Eventually, Jenny’s fiancé suggested she try biking. “I was skeptical at first, but once I started riding, I was able to get my heart rate up the way I wanted without putting too much stress on my joints! I almost cried after one bike ride because I was just so happy to move the way I wanted again and without pain.” When running is too painful, Jenny turns to riding her bike. “My bike has allowed me to exist in a sort of middle space—when it hurts too much to run I know I can always bike.”
3. Know that everyday habits can be a form of activity.
“For the most part, I try to stay active a little bit each day,” Jennifer P., 37, tells SELF. Though it may seem counterintuitive, moving when you have arthritis is important for keeping your joints mobile and avoiding stiffness. Jennifer was diagnosed with psoriatic arthritis in 2008 and says that some days her body just does not want to get up and do anything. She recently bought a small under-desk bike pedal unit. “I can use it when I’m sitting at a desk, so I can still keep my joints moving.”
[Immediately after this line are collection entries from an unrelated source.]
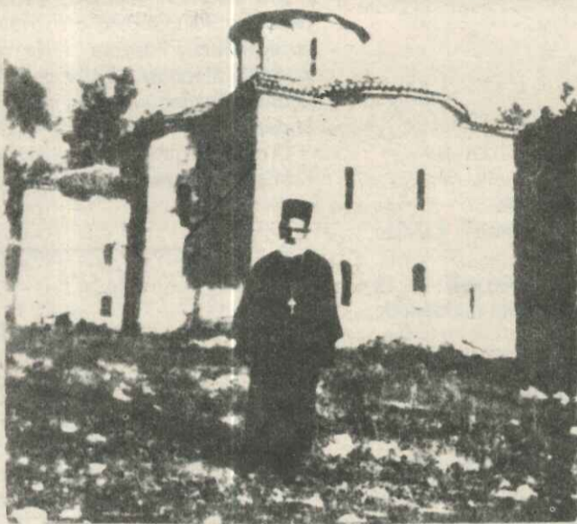
Ο ιερομόναχος Λεόντιος που κάηκε τό 1982.

Η αναφορά της ύπευθύνου αρχαιολόγου καταλήγει με την γνωστή έπωδό, που χαρακτηρίζει άσφαλώς τό ψυχικό δράμα των Έλλήνων αρχαιολόγων αλλά και τό «δράμα» του Ελληνικού Κράτους: «Αί έργασια διεκόπησαν λόγω έξαντλήσεως της σχετικής πιστώσεως!». Έτσι, από τότε τό μνημείο περιμένει, ζωμένο σέ σκαλωσιές, ενώ τά ρήγματά του άνοίγουν περισσότερο, οι ύγρασίες κατατρώγουν τις ενδιαφέρουσες τοιχογραφίες και μερικοί στο χωριό μιλούν για κατεδάφιση με σκοπό να άνεγερθεί νέος ναός στην ίδια θέση!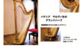
ゆらぎ掲示板 ハープ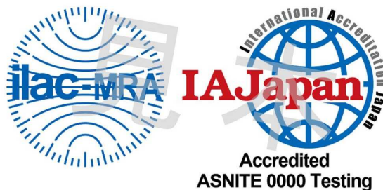
図1 ILAC MRA組み合わせ認定シンボル

備考:ILAC MRAマークはILACにより国際商標登録されている。(国際登録番号: 840857)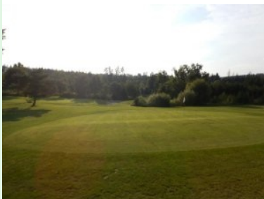
Grün Loch 13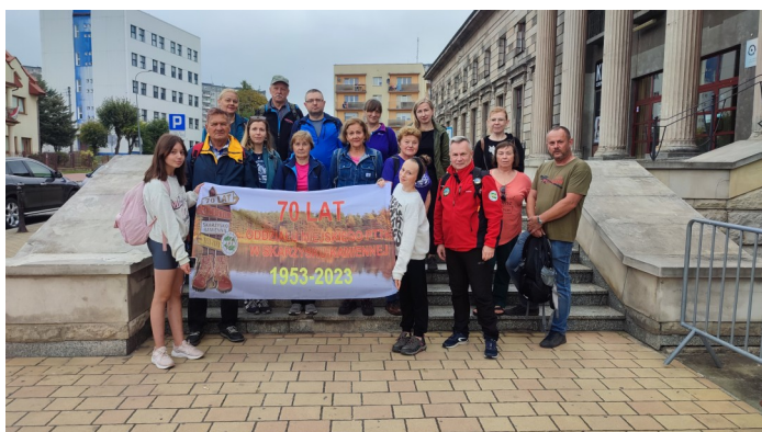
70 - lecie PTTK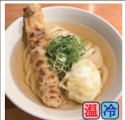
ちく玉天うどん (ちくわ天・たまご天)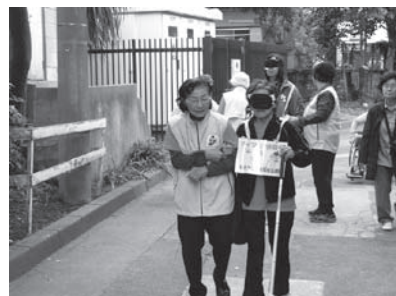
【しろやま倶楽部フェスティバル】 車いす体験・視覚障害の疑似体験コーナーで出展しました。福祉の輪が広がっていきます。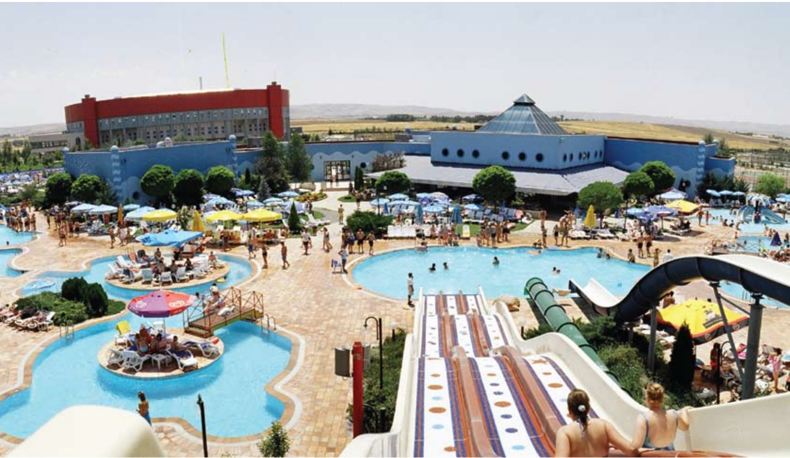
Büyük Anadolu Otel Komplexi içerisinde yer alan Aqua park ve 8 bin kişilik kapalı Spor Salonu...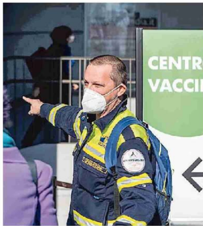
In fila per il vaccino alla Fiera di Milano

I dimessi o guariti nelle ultime ventiquattro ore, a fronte di un totale di 2.732.482 dall'inizio della pandemia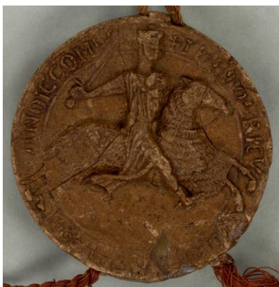
Zegel van Dirk VII uit het jaar 1200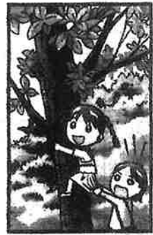
言うことを聞かないのは自立心の表れ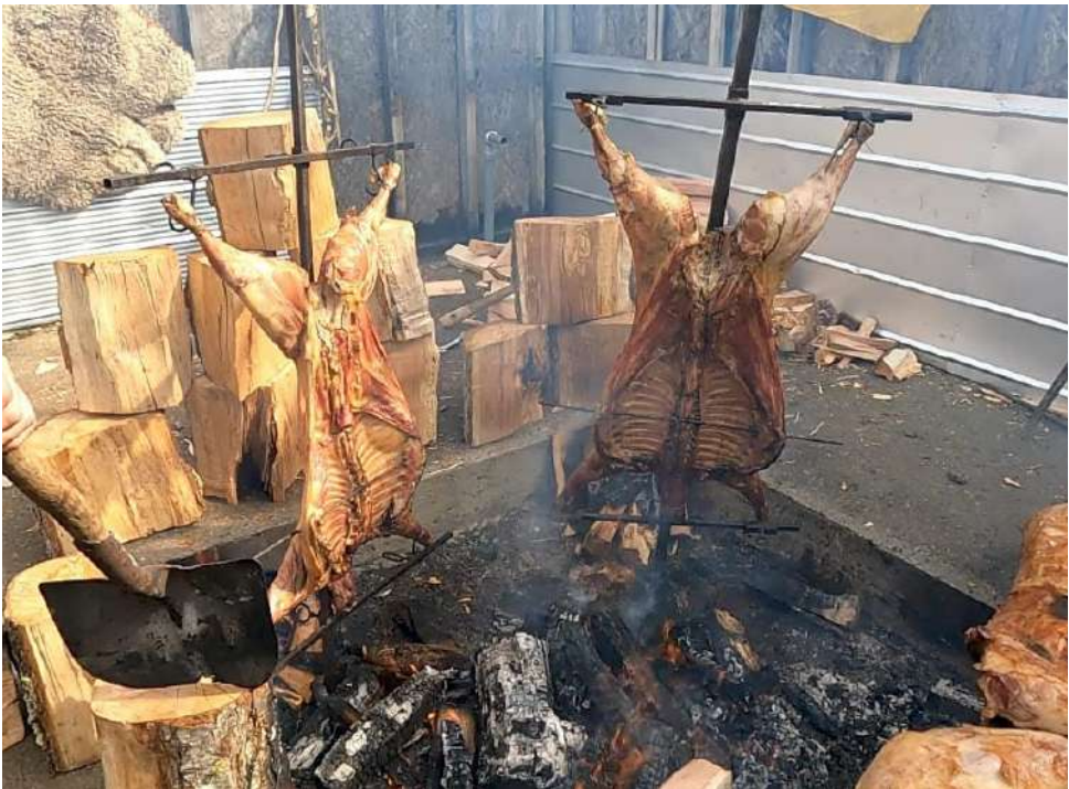
La actividad se realizará el próximo 7 de febrero en la Comuna de Porvenir, en Tierra del Fuego.

Para más información, los interesados pueden consultar las bases oficiales disponibles en los canales de difusión del municipio.

Julie C., 36, has been managing her psoriatic arthritis since 2012 and has found that cooking can be a form of activity when she’s in pain. After she started tracking her psoriatic arthritis triggers, Julie discovered that she experienced flares after eating certain foods. She loves to cook, so she looked at this as an opportunity to get creative with her meals and physical activity. “In altering my diet, I found new ways to cook. I find it therapeutic and fun to use new ingredients and try new recipes,” she tells SELF. Cooking gets her moving around the kitchen but is gentle on her body, Julie explains. “If I sit and do nothing, that actually can make me feel worse. So by trying to come up with a recipe with all the ingredients in my fridge, I’m not only helping my body and mind but also having fun,” she says.
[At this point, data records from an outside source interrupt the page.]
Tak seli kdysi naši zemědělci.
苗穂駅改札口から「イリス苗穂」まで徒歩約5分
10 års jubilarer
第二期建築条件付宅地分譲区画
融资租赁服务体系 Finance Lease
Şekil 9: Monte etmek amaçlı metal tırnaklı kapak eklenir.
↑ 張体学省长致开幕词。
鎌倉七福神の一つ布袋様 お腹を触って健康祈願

4. Track and manage your triggers.
When she was officially diagnosed with psoriatic arthritis at 27, Julie thought she’d have to sacrifice her hobbies to manage her condition. “I thought having psoriatic arthritis meant that I couldn’t live a full life, and I wasn’t going to be able to continue to do the things I loved,” she says. Her whole perspective changed on a trip to Disney World, where she was cast in the American Idol Experience show, a singing competition for Disney park guests. It hit her that her diagnosis didn’t need to change what she did or who she was. She may have bad days, but that doesn’t mean she has a bad life. After this realization, she became committed to figuring out her triggers and learning how to manage them.
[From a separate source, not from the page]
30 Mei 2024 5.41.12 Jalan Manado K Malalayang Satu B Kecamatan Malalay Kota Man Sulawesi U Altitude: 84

“I tracked everything I did—what I ate, who I interacted with, how I slept, how I felt, etc.—for six months. At the end of it, I had a clear picture of what impacted my symptoms and what didn’t,” she says. She used the data she collected to figure out how to manage her psoriatic arthritis, like eating foods that didn’t seem to cause flares. “Knowing my triggers and limitations allows me to live a full and amazing life and doesn’t hold me back! I was even able to get off of disability and back to a job I love advocating for patients,” she says.
5. Give yourself more time to get things done.
Jennifer says that she’s been able to keep up with most of the activities she enjoys by allowing herself more time to do them. For example, she loved going to amusement parks before the pandemic but would become extremely fatigued after walking around all day. Instead of cutting out this big part of her life, she consciously decided to just do things more slowly. Instead of racing through the park to get through all of her favorite rides, Julie decided to set aside more time for her amusement park days so she didn’t feel rushed. This allowed her to take breaks in between rides and go at her own pace. She also builds in extra time to get ready before leaving the house. “I hate to be late, but it takes me longer to get ready now. So I know I have to start getting ready earlier than I used to.”
Additionally, Jennifer says it’s helpful to communicate your needs with others. “I warned the people I go out with and told them it’s going to take longer for us to go places and do things because of this,” Jennifer says. “I don’t expect to be treated differently in general, but just ask that they give me some extra time.”